The company will review what Smith describes as a ‘creative bank of movements’ and see how they could be incorporated into a world premiere dance composition that will be presented in October at the company’s ‘Embark’ concert as part of its 47th season. As a bonus, the individuals who provided the selected movements will be acknowledged and invited to see the completed work in the fall. (PHOTO: ‘Gamut,’ choreographed by RDT dancers, Scott Peterson)

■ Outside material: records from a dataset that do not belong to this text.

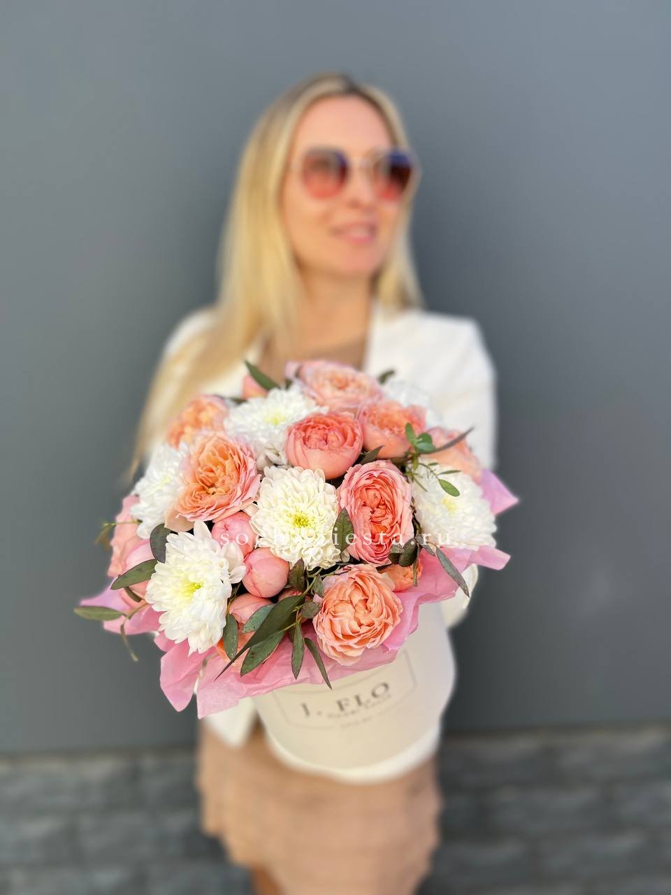 Состав: кустовые пионовидные розы джульетта, хризантемы, эвкалипт, цилиндр D16, бумага тишью, лента.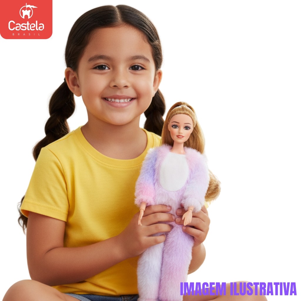DESCRIÇÃO DO PRODUTO: A diversão e a fofura estão garantidas com a Boneca Emily – Coleção Ursinho Roxo! Com design encantador, roupas delicadas e acompanhada de um lindo pente, ela é perfeita para brincar de cuidar, pentear e criar histórias cheias de imaginação. A boneca vem com um ursinho roxo super fofo, que torna a brincadeira ainda mais divertida e especial. É o presente ideal para crianças que adoram bonecas e acessórios cheios de charme. CARACTERÍSTICAS TÉCNICAS: Conteúdo da Embalagem: 1 Boneca Emily fantasia Ursinho Roxo + 1 acessório Dimensões Aproximadas do Produto: 30 cm (Altura x Largura x Comprimento/Profundidade). Dimensões Aproximadas da Embalagem: 34 cm x 24 cm x 8 cm (Altura x Largura x Comprimento/Profundidade). Material/Composição: Plástico, vinil e tecido. Idade Mínima Recomendada: A partir de 3 anos Participantes: A partir de 1 pessoa Alimentação: Não se aplica Marca: Castela Referência: CBS0920 Outras informações: As cores podem variar entre as imagens mostradas acima e o produto. Imagens meramente ilustrativas. Aviso: As informações e imagens divulgadas são de total responsabilidade do fabricante/fornecedor. Produto lacrado e disponível a pronta entrega para todo Brasil! APROVADO PELO INMETRO
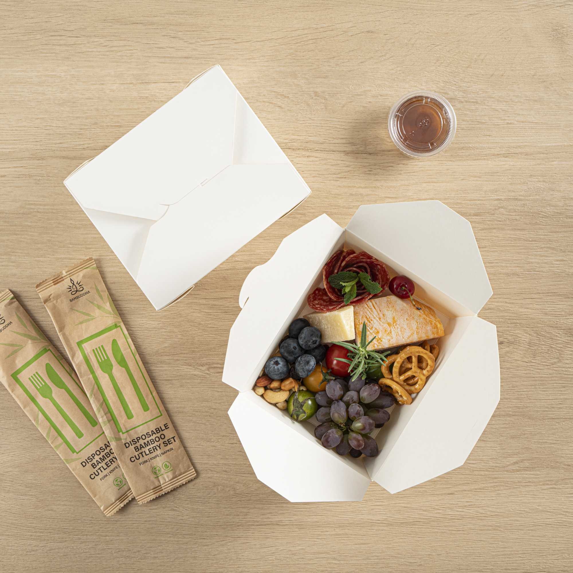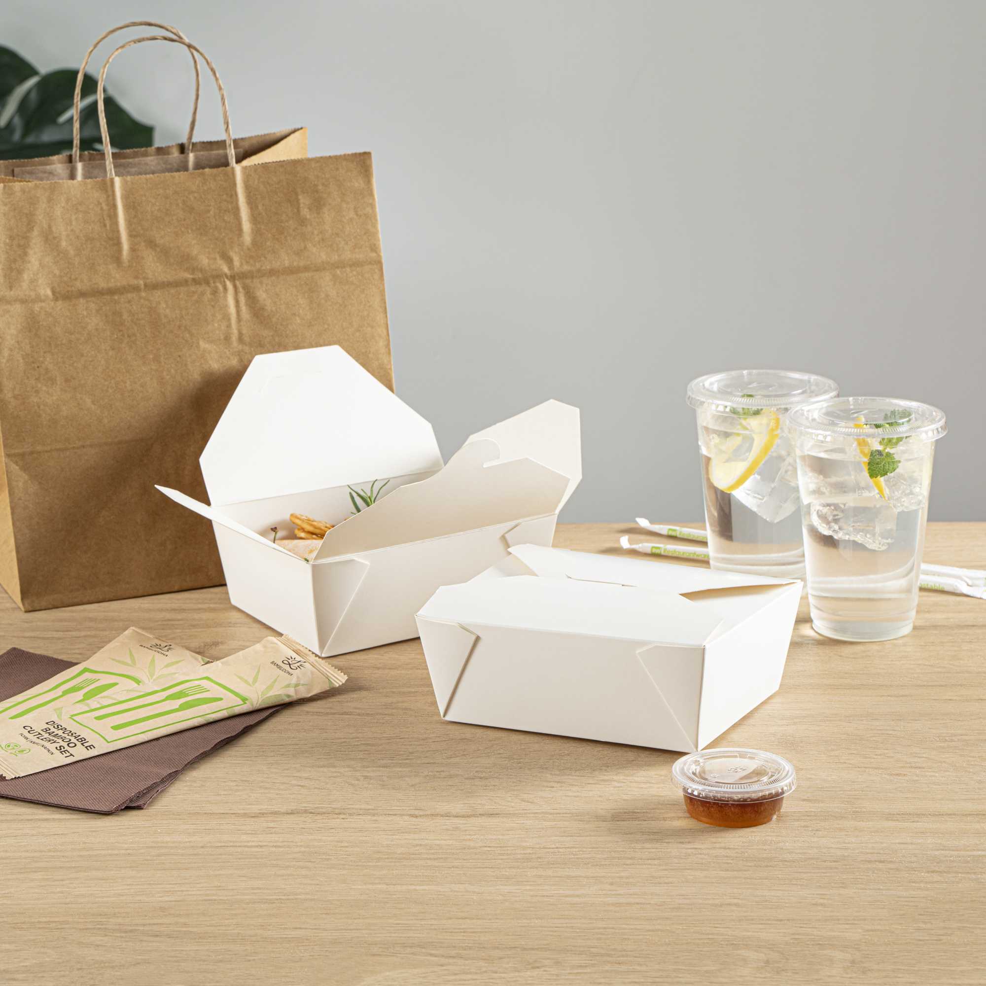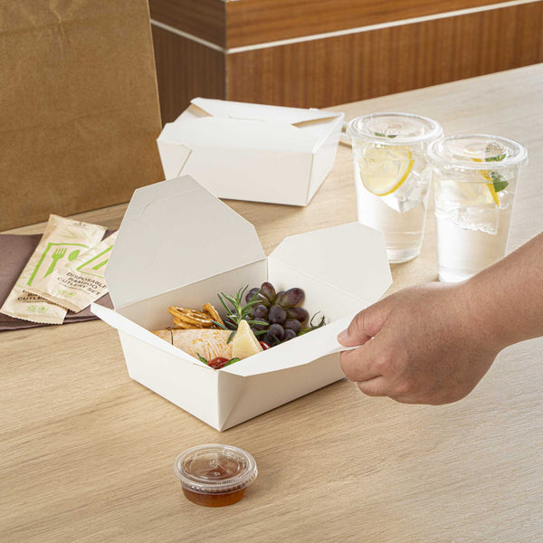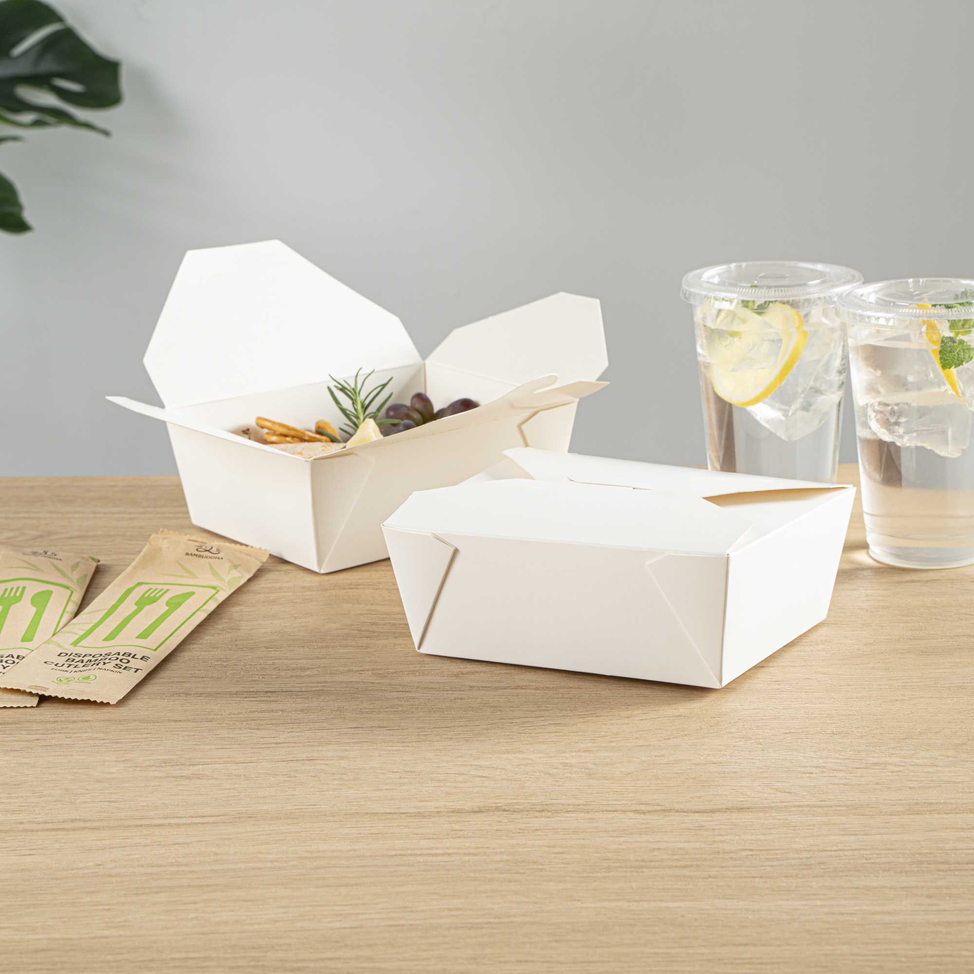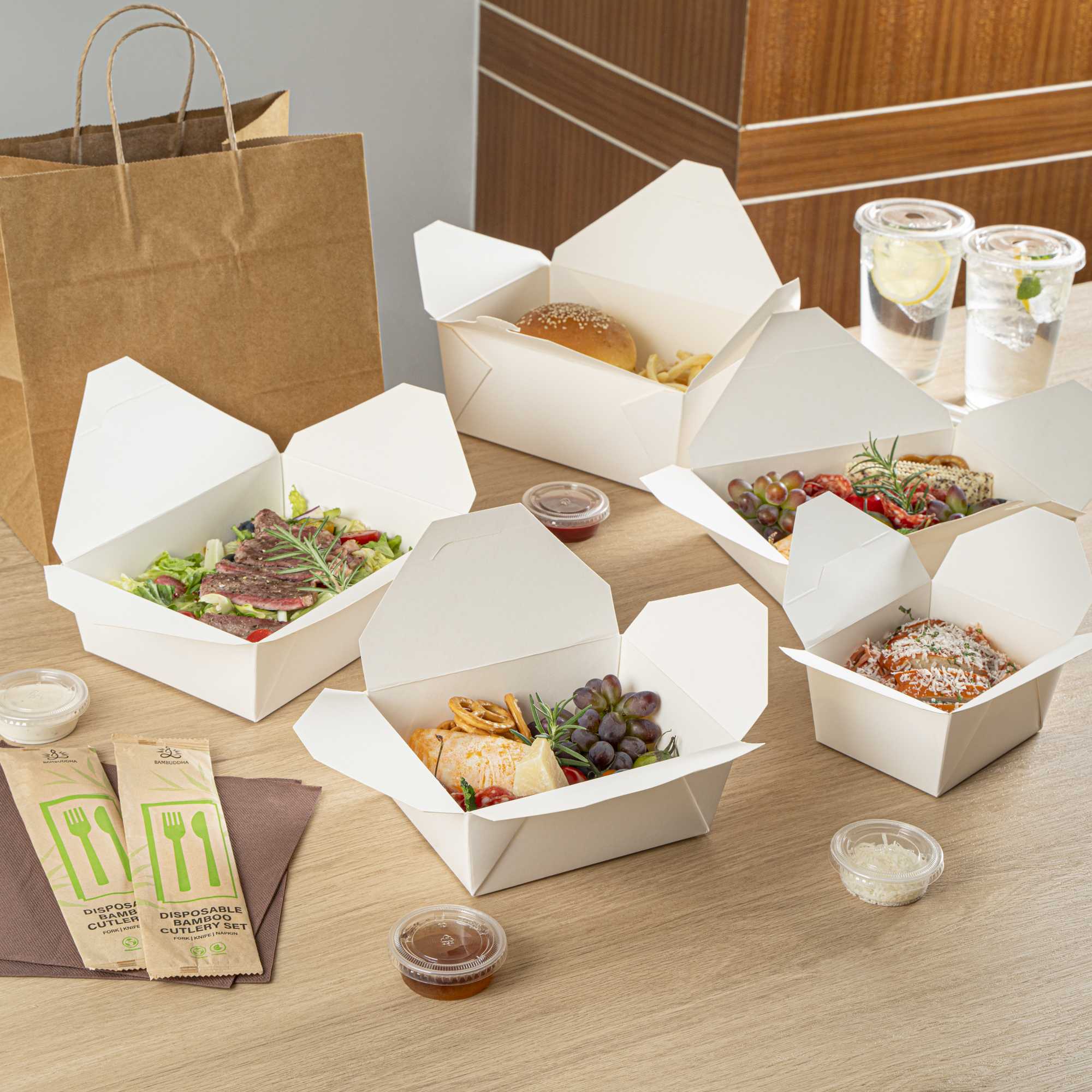 No matter the size of your dish, our disposable food boxes are available in different capacities to accommodate any meal. Choose from our soup, noodle, salad, or rectangle containers to easily pack and take food anywhere.

Smith believes this innovative approach to audience engagement is not only a good way to remove a lot of the misperceived and esoteric mystery that often is associated with modern dance. And, more frequently in an age where many seek out social media outlets and Internet channels such as YouTube to catch performance videos in many artistic genres, the ‘8 Seconds to Fame’ project is yet further acknowledgment that performing arts companies such as RDT always will benefit by give audiences a greater sense of ownership in the larger sense of the creative experience.

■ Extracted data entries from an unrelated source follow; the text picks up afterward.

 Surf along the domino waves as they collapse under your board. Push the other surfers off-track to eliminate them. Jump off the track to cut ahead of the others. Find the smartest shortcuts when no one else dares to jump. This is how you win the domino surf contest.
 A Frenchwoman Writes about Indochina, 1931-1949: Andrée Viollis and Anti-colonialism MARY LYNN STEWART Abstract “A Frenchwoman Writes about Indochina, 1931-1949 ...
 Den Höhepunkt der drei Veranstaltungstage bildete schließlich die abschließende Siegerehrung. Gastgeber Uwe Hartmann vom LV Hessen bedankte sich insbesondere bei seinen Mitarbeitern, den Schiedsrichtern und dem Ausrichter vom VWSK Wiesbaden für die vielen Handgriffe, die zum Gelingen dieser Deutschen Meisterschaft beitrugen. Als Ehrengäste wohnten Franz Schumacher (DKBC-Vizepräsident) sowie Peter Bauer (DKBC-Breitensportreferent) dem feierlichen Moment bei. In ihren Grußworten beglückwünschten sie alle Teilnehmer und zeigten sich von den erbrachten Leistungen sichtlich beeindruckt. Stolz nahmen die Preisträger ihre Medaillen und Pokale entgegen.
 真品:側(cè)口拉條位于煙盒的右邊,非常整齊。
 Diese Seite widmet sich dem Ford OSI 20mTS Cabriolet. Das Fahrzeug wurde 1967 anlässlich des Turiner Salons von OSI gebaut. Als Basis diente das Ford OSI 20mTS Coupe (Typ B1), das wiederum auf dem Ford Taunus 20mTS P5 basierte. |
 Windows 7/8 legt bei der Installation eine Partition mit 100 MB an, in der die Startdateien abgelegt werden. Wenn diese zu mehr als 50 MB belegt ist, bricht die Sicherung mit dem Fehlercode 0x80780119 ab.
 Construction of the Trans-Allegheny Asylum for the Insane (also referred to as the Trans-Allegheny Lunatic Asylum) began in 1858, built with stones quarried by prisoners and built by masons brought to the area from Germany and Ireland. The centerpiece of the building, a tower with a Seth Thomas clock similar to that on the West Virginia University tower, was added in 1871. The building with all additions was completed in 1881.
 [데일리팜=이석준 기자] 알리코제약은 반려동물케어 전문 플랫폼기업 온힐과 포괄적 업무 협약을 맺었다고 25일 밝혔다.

One of RDT’s most popular events is the annual Charette – the dance world’s version of Iron Chef competitions on the Food Network – in which audience members have a first-hand look at the creative process of creating and choreographing a dance and performing it within the span of an hour. Audiences are introduced to five pairs of choreographers and nearly 40 dancers selected from RDT and the community who then are given prompts that they must use in creating their dances, which then will be scored by a jury.
While the teams of dancers go to their respective studios to create their work, audience members enjoy food and beverages as they mingle and observe the creative process in the studios. After an hour, the audience returns to the theater for five world premieres and votes on their favorites. The winner is dubbed the ‘Iron Choreographer.’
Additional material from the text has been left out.